▶ PROBLEM TO SOLVE
Copy word for word the lines in the records below, starting at the line with "天井がLEDスクリーンになっ" and ending at the line with "Ломтики нарезанного красного". Skip the pictures.

▶ RECORDED INFORMATION

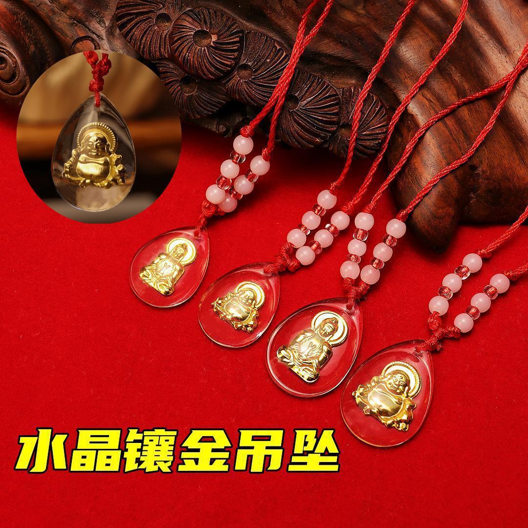 金箔結晶美金男女児童金紅縄水晶ペンダント観音仏大トランペットアクセサリーペンダントネックレス
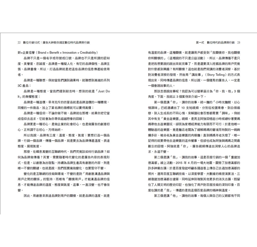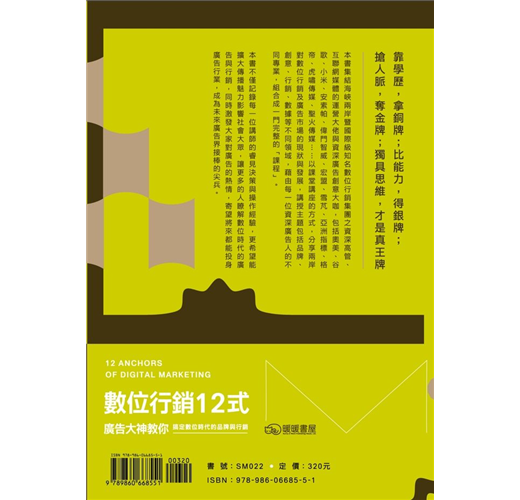 本書集結海峽兩岸暨國際級知名數位行銷集團之資深高管、互聯網媒體的運營大佬與資深廣告創意大咖,包括奧美、谷歌、小米、安索帕、偉門智威、宏盟、雪芃、亞洲指標、格帝、虎嘯傳媒、聖火傳媒……以課堂講座的方式,分享兩岸對數位行銷及廣告市場的現狀與發展,講授主題包括品牌、創意、行銷、數據等不同領域,藉由每一位資深廣告人的不同專業,組合成一門完整的「課程」。
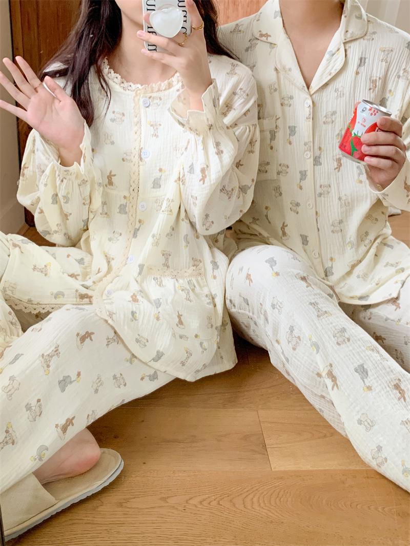 (커플잠옷)(슈린잠옷세트) 요루면 신혼 연인 긴팔 바지 투피스 봄 파자마 홈웨어
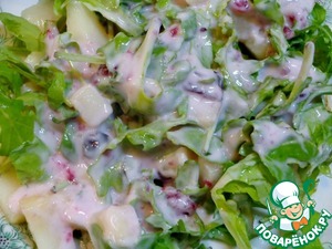Отличная закуска для любителей сыра. Готовится очень быстро, смотрится оригинально. По своей сути сочетает в себе и закуску, и салат под клюквенно-йогуртовым соусом.
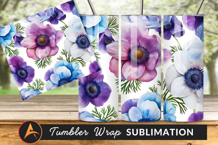 Watercolor Anemone Flower Seamless Pattern Tumbler Png example image 1
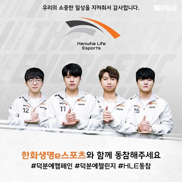 ... 또한 ‘덕분에’ 챌린지를 보다 확산시키고 좋은 취지를 팬들과 나누고자 오는 20일까지 한화생명e스포츠 공식 페이스북에서 이벤트를 실시한다. 참여 방법은 이벤트 게시글과 본인 SNS에 ‘존경합니다’를 뜻하는 수어 동작의 사진을 찍어
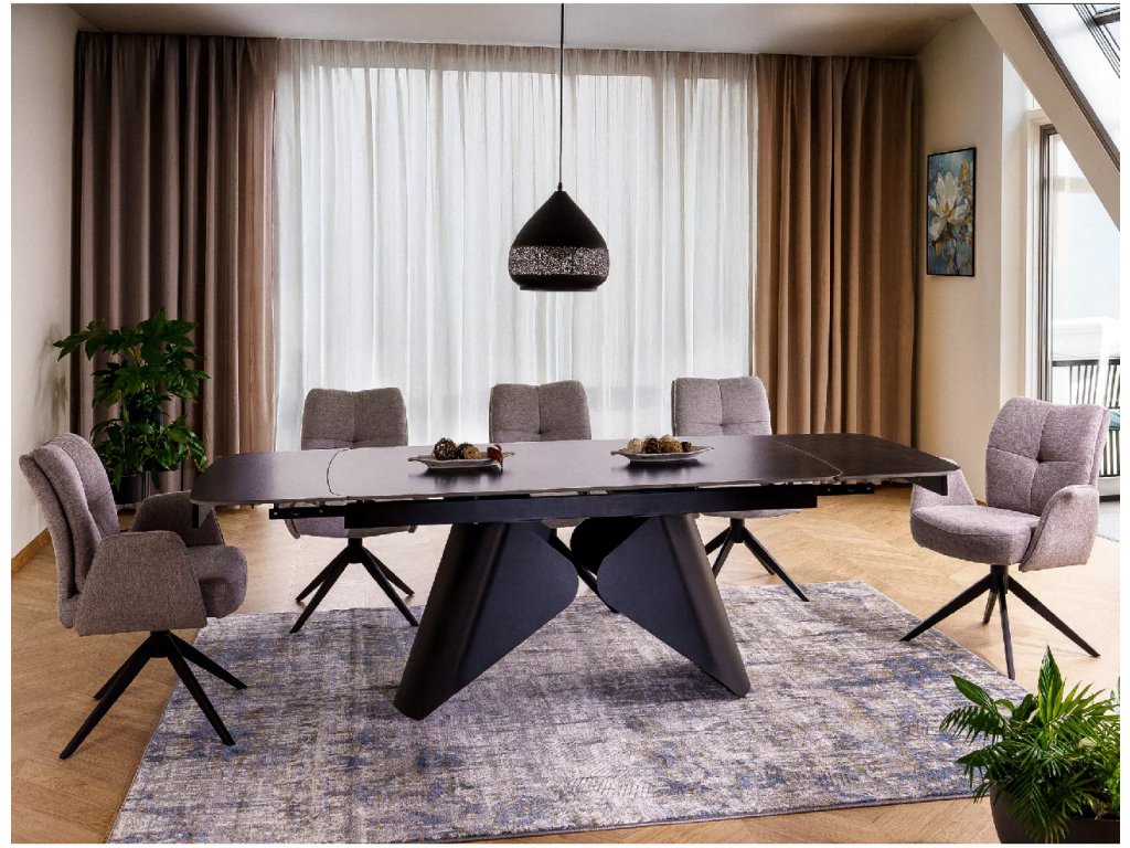 Rozkládací stůl, deska: keramika, rám: kov, barva: matná černá / matná černá.
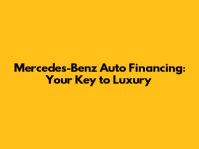 Mercedes-Benz Auto Financing: Your Key To Luxury
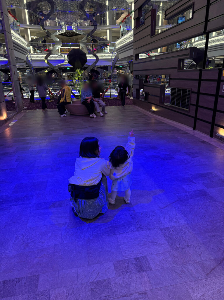 天井がLEDスクリーンになっているプロムナードも、天井を見上げて目をキラキラさせていました。
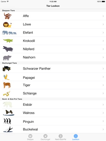 Im Lexikon sind pro Tier vier Fotos zu sehen und man kann zu jedem Tier die wichtigsten Daten (Grösse, Gewicht, Alter) sowie ihren Lebensraum und ihre bevorzugte Nahrung nachlesen.
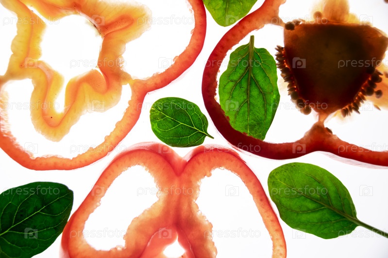 Ломтики нарезанного красного сладкого перца и огурцов, доставленные в просвет
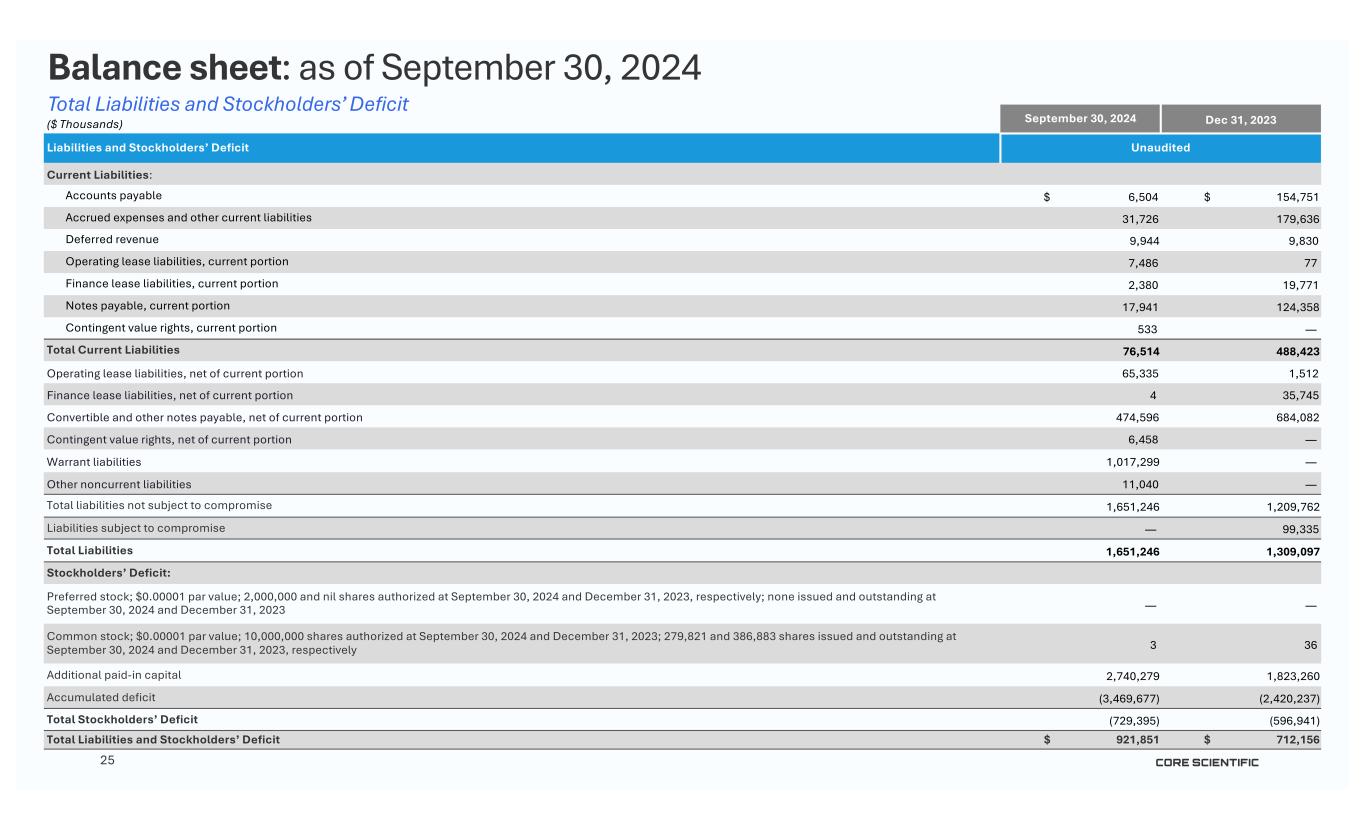 25 Balance sheet: as of September 30, 2024 Total Liabilities and Stockholders’ Deficit ($ Thousands) September 30, 2024 Dec 31, 2023 Liabilities and Stockholders’ Deficit Unaudited Current Liabilities: Accounts payable $ 6,504 $ 154,751 Accrued expenses and other current liabilities 31,726 179,636 Deferred revenue 9,944 9,830 Operating lease liabilities, current portion 7,486 77 Finance lease liabilities, current portion 2,380 19,771 Notes payable, current portion 17,941 124,358 Contingent value rights, current portion 533 — Total Current Liabilities 76,514 488,423 Operating lease liabilities, net of current portion 65,335 1,512 Finance lease liabilities, net of current portion 4 35,745 Convertible and other notes payable, net of current portion 474,596 684,082 Contingent value rights, net of current portion 6,458 — Warrant liabilities 1,017,299 — Other noncurrent liabilities 11,040 — Total liabilities not subject to compromise 1,651,246 1,209,762 Liabilities subject to compromise — 99,335 Total Liabilities 1,651,246 1,309,097 Stockholders’ Deficit: Preferred stock; $0.00001 par value; 2,000,000 and nil shares authorized at September 30, 2024 and December 31, 2023, respectively; none issued and outstanding at September 30, 2024 and December 31, 2023 — — Common stock; $0.00001 par value; 10,000,000 shares authorized at September 30, 2024 and December 31, 2023; 279,821 and 386,883 shares issued and outstanding at September 30, 2024 and December 31, 2023, respectively 3 36 Additional paid-in capital 2,740,279 1,823,260 Accumulated deficit (3,469,677) (2,420,237) Total Stockholders’ Deficit (729,395) (596,941) Total Liabilities and Stockholders’ Deficit $ 921,851 $ 712,156

▶ WRITTEN ANSWER
 天井がLEDスクリーンになっているプロムナードも、天井を見上げて目をキラキラさせていました。
 Im Lexikon sind pro Tier vier Fotos zu sehen und man kann zu jedem Tier die wichtigsten Daten (Grösse, Gewicht, Alter) sowie ihren Lebensraum und ihre bevorzugte Nahrung nachlesen.
 Ломтики нарезанного красного сладкого перца и огурцов, доставленные в просвет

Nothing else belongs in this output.